ADDITIONAL REVIEW CRITERIA: In addition to the above criteria, 
applications received in response to RFA HG-03-002 will also be 
reviewed with respect to the following:

o   The likelihood that the proposed center can produce high-quality 
genome sequence, based on past experience and future plans for 
generating high quality read data, accurate subassemblies and whole 
genome assemblies, and finished sequence at and beyond state-of-the-
art levels of throughput, quality, and cost. 
o   The quality of the plan to continue increasing throughput while 
lowering costs.
o   The quality of the plan for technology development and identifying 
and solving critical integration problems.
o   The quality of the plans for bioinformatics, including 
infrastructure/laboratory information management, assembly, and 
primary annotation.
o   The quality of the applicant's approach to sequencing, including 
considerations for choosing target genomes, sequencing 
approach/strategy, degree of completion, and considerations that may 
arise due to the variety of potential target genomes available.
o   The quality of the plan for release of sequence data, including 
evidence that the systems are in place to support data release, and 
the plans for release or distribution of other resources, software, 
or technologies developed under this award.
o   The quality of the plans to coordinate efforts with other large-
scale sequencing centers in the U.S. and abroad, and with 
appropriate subcontractors or collaborators that may be needed.  
o   The track record of the Principal Investigator and other key 
personnel in large-scale genomic sequencing.
o   The reasonableness of the proposed budget, milestones, timelines, 
and goals in relation to the proposed research.

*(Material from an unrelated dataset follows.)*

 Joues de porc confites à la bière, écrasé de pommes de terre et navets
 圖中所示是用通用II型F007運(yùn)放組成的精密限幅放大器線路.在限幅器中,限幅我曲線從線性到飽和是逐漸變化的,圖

RECEIPT AND REVIEW SCHEDULE

Letter of Intent Receipt Date:  February 24, 2003
Application Receipt Date:  April 7, 2003
Peer Review Date:  May/June 2003
Council Review:  September 2003
Earliest Anticipated Start Date:  November 2003

AWARD CRITERIA

Award criteria that will be used to make award decisions include:

o   Scientific merit (as determined by peer review);
o   Availability of funds;
o   Programmatic priorities, both as a matter of achieving balance 
within the sequencing program to ensure a balanced program for 
meeting variable sequencing target goals, and between the sequencing 
program and other NHGRI activities;
o   The likelihood that the proposed center will make a significant 
contribution to the availability of high-quality sequenced genomes 
to the community; 
o   The prospect for attaining and improving the state-of-the-art in 
genome sequencing with regard to throughput, quality, and cost.

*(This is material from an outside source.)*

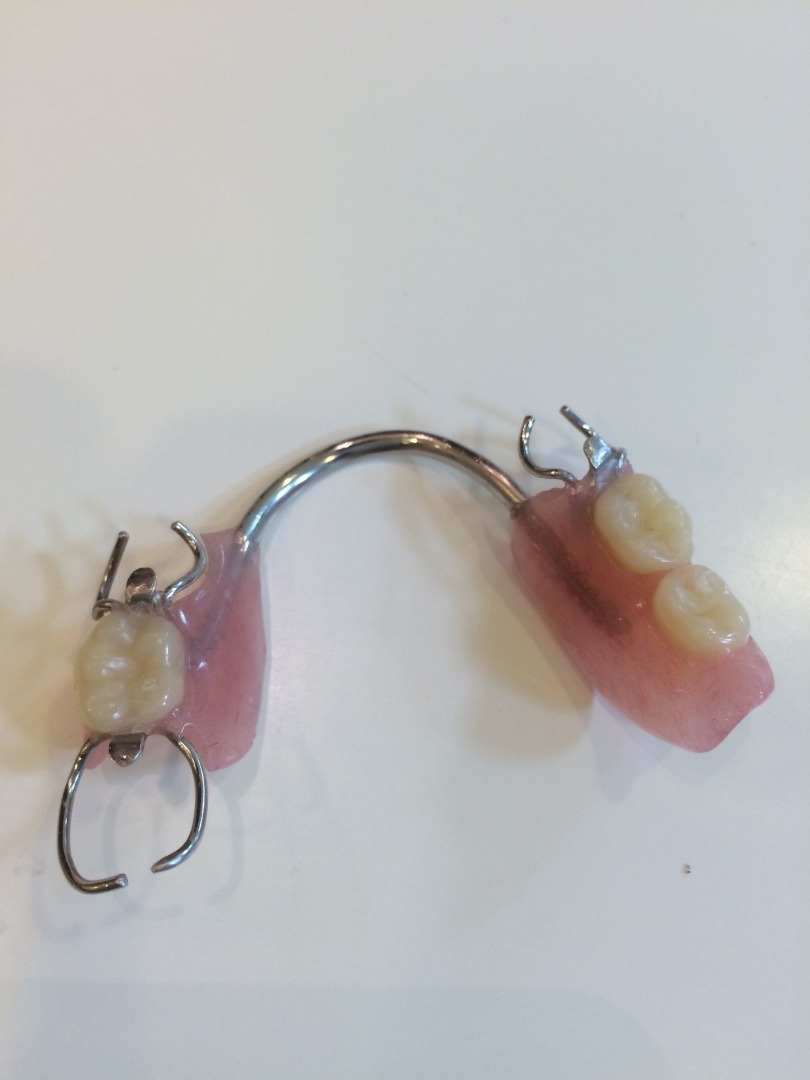 次に「ノンクラスプデンチャー」についてお話します。皆さんはノンクラスプデンチャーという言葉を耳にされたことがありますでしょうか?多くの方にとって聞きなれない言葉かと思われますが、ノンクラスプデンチャーとは、金属のバネを使わない目立たない入れ歯の総称のことを指します。入れ歯を装着した際に入れ歯が目立ってしまう原因は金属のバネにあります。多くの場合、入れ歯のバネ部分には銀色の金属が使われますので、前歯など目立つ歯の入れ歯は笑った時などに目立ってしまうことがあります。ノンクラスプデンチャーでは入れ歯を支えるために金属のバネの代わりに樹脂をつかいます。樹脂は歯ぐきと同じ色に着色しますので、笑った時にも入れ歯をしていると気づかれにくいという特徴があります。また、金属を使わないため、金属アレルギーをお持ちの方にも安心してお使いいただけます。重さも金属を使う入れ歯の役半分の重さになります。デメリットとしては、保険適用外であるために通常の入れ歯よりも費用が高くなってしまうことが挙げられます(大きさなどにもよりますがおおよそ15万円ほどです)。

REQUIRED FEDERAL CITATIONS 

INCLUSION OF WOMEN AND MINORITIES IN CLINICAL RESEARCH: It is the 
policy of the NIH that women and members of minority groups and their 
sub-populations must be included in all NIH-supported clinical research 
projects unless a clear and compelling justification is provided 
indicating that inclusion is inappropriate with respect to the health 
of the subjects or the purpose of the research. This policy results 
from the NIH Revitalization Act of 1993 (Section 492B of Public Law 103-43).

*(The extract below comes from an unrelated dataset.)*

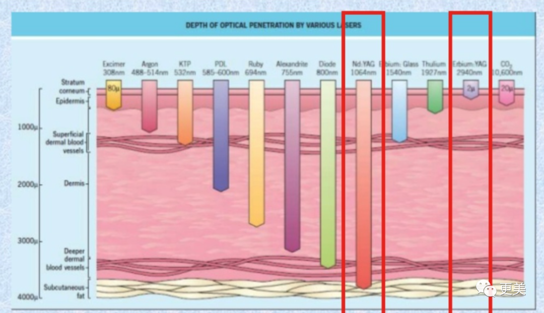 2940nm发射出来的激光是水,可通过水的气化作用对最上层皮肤进行逐层消融。

All investigators proposing clinical research should read the AMENDMENT 
"NIH Guidelines for Inclusion of Women and Minorities as Subjects in 
Clinical Research - Amended, October, 2001," published in the NIH Guide 
for Grants and Contracts on October 9, 2001 
(http://grants.nih.gov/grants/guide/notice-files/NOT-OD-02-001.html);
a complete copy of the updated Guidelines is available at 
http://grants.nih.gov/grants/funding/women_min/guidelines_amended_10_
2001.htm.  The amended policy incorporates the use of an NIH definition 
of clinical research; updated racial and ethnic categories in 
compliance with the new OMB standards; clarification of language 
governing NIH-defined Phase III clinical trials consistent with the new 
PHS Form 398; and updated roles and responsibilities of NIH staff and 
the extramural community.  The policy continues to require for all NIH-
defined Phase III clinical trials that: a) all applications or 
proposals and/or protocols must provide a description of plans to 
conduct analyses, as appropriate, to address differences by sex/gender 
and/or racial/ethnic groups, including subgroups if applicable; and b) 
investigators must report annual accrual and progress in conducting 
analyses, as appropriate, by sex/gender and/or racial/ethnic group 
differences.

INCLUSION OF CHILDREN AS PARTICIPANTS IN RESEARCH INVOLVING HUMAN 
SUBJECTS: The NIH maintains a policy that children (i.e., individuals 
under the age of 21) must be included in all human subjects research, 
conducted or supported by the NIH, unless there are scientific and 
ethical reasons not to include them. This policy applies to all initial 
(Type 1) applications submitted for receipt dates after October 1, 1998.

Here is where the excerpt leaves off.